LE PROJET POUTINE
Article
publié dans la Lettre n° 396
du
2 mai 2016
LE PROJET POUTINE. Texte Hugues Leforestier. Mise en scène Jacques Décombe avec Nathalie Mann et Hugues Leforestier.
Vous êtes un dictateur, le mot est lâché. Dans le bureau du chef de l’Etat, Svetlana arrive, convoquée par celui qui lui fut très proche, qui incarne maintenant l’omnipotence, le Président Poutine. Elle est Procureure Générale, en possession de dossiers à terrible charge avec preuves à l’appui, elle jouit de la faveur populaire, comme en témoignent les vidéos médiatiques projetées en fond de scène. Si elle représente le danger de la justice en marche, le locataire – dirait-on le propriétaire ? – du Kremlin a, quant à lui, les moyens effectifs de ses menaces. Et il ne se prive pas de les distiller ou de les asséner, au cours de ces retrouvailles entre deux adversaires qui n’ont pas toujours été ennemis, loin s’en faut. Un fils si ressemblant. Dans un dialogue de coups de poing en aveux esquissés, mâtiné de tentatives de séduction et de reconquête, s’élabore la trame d’un huis clos politique et personnel, dans lequel ne pénètrent que le filigrane de la famille menacée par le dictateur ou, sur l’écran, les protestations véhémentes des manifestants, ou encore l’évocation nauséeuse des tortures perpétrées par le régime. Svetlana tangue, mais ne fléchit pas, dans la claustration que lui impose Poutine, en miroir d’une relégation sibérienne à peine interrompue par cette convocation. Svetlana s’accroche au bon droit qu’elle défend, égrène toutes les malversations de son adversaire, brandit la vindicte obstinée du TPI et des médias occidentaux. Poutine est inflexible dans la justification de ses choix politiques et son amour ressassé de la Russie, mais tangue parfois quand les amours enfuies se rappellent subrepticement au souvenir du cœur. Il joue, elle est émue, il est dur comme un roc, elle vacille, opiniâtre et loyale.
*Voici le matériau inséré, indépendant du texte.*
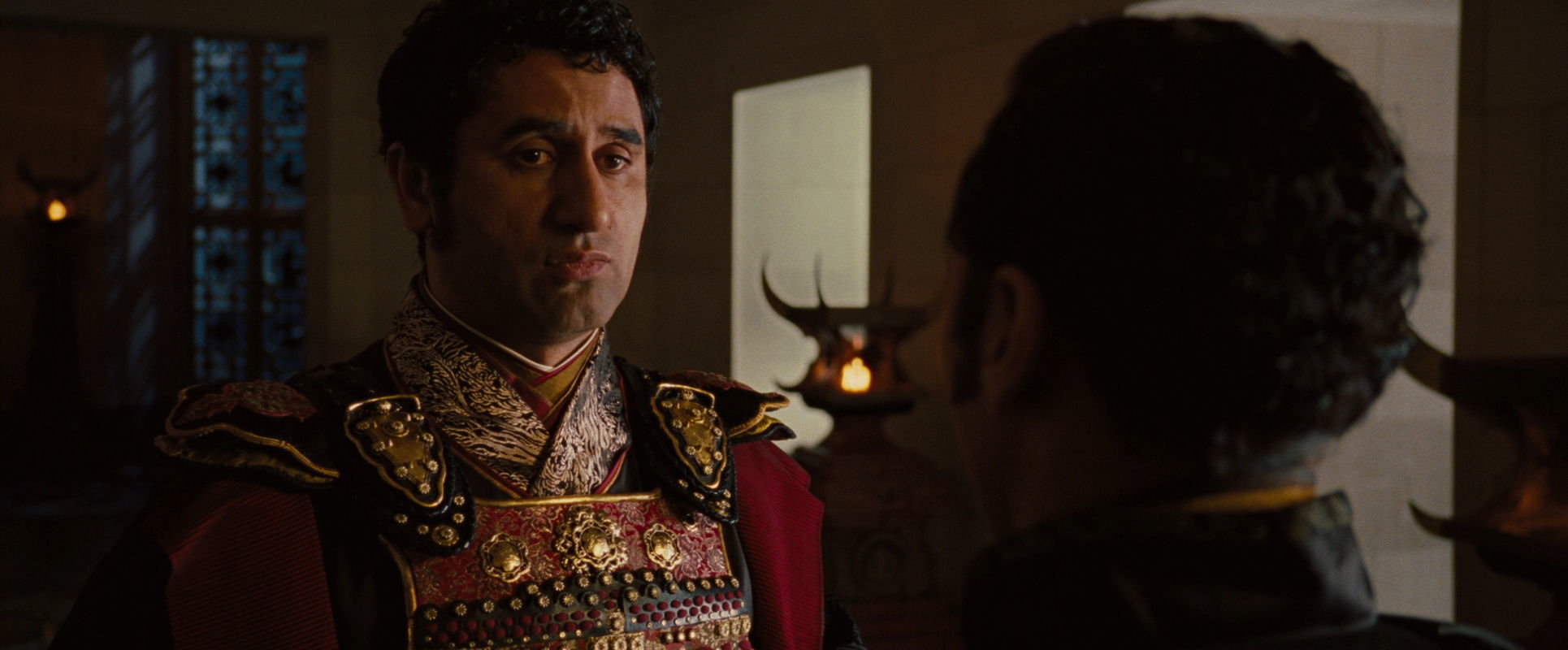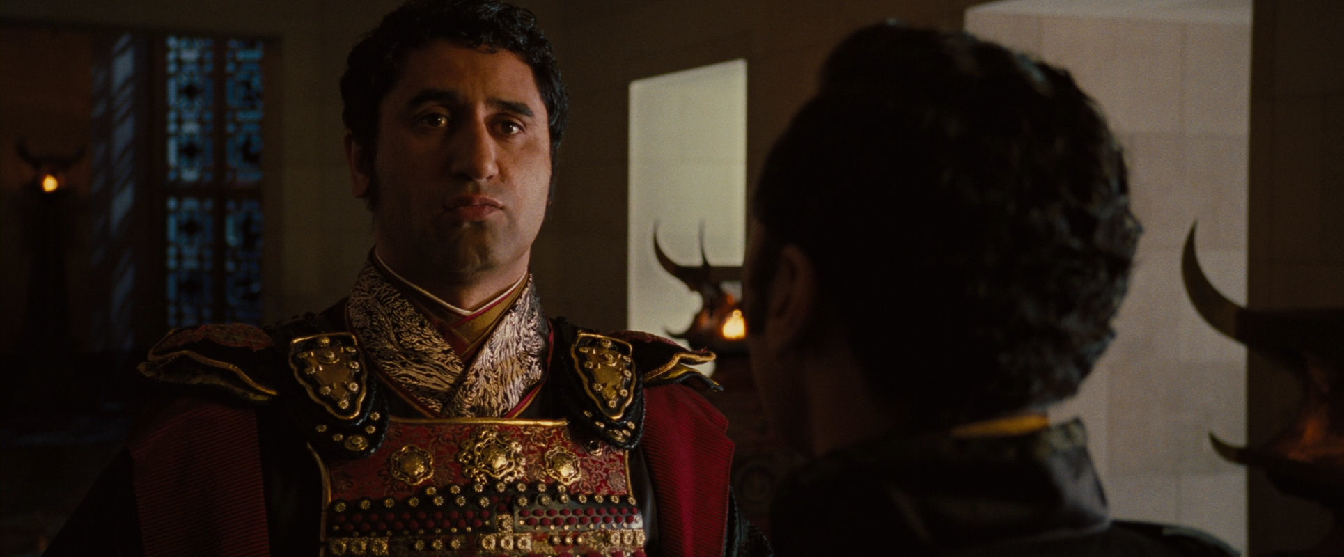 …now Zhao has said something interesting. Ozai stops and while the take is still running he turns around and they adopt an over-the-shoulder constellation.

Qu’en est-il de leur sincérité respective ?
Dans une joute pied à pied, mot à mot, sarcasme à persiflage, le duo Svetlana-Poutine fonctionne à merveille, les dialogues ciselés font mouche, brodés sans conteste dans une connaissance documentaire et historique.
Un ultime chantage en forme de tentation, une ultime hésitation, tout est dit par le geste à peine ébauché… Tout ? Dans un duo-duel d’une telle intensité, il serait si décevant d’avoir à entrevoir une victoire, n’est-ce pas ? A.D. Théâtre des Béliers Parisiens 18e.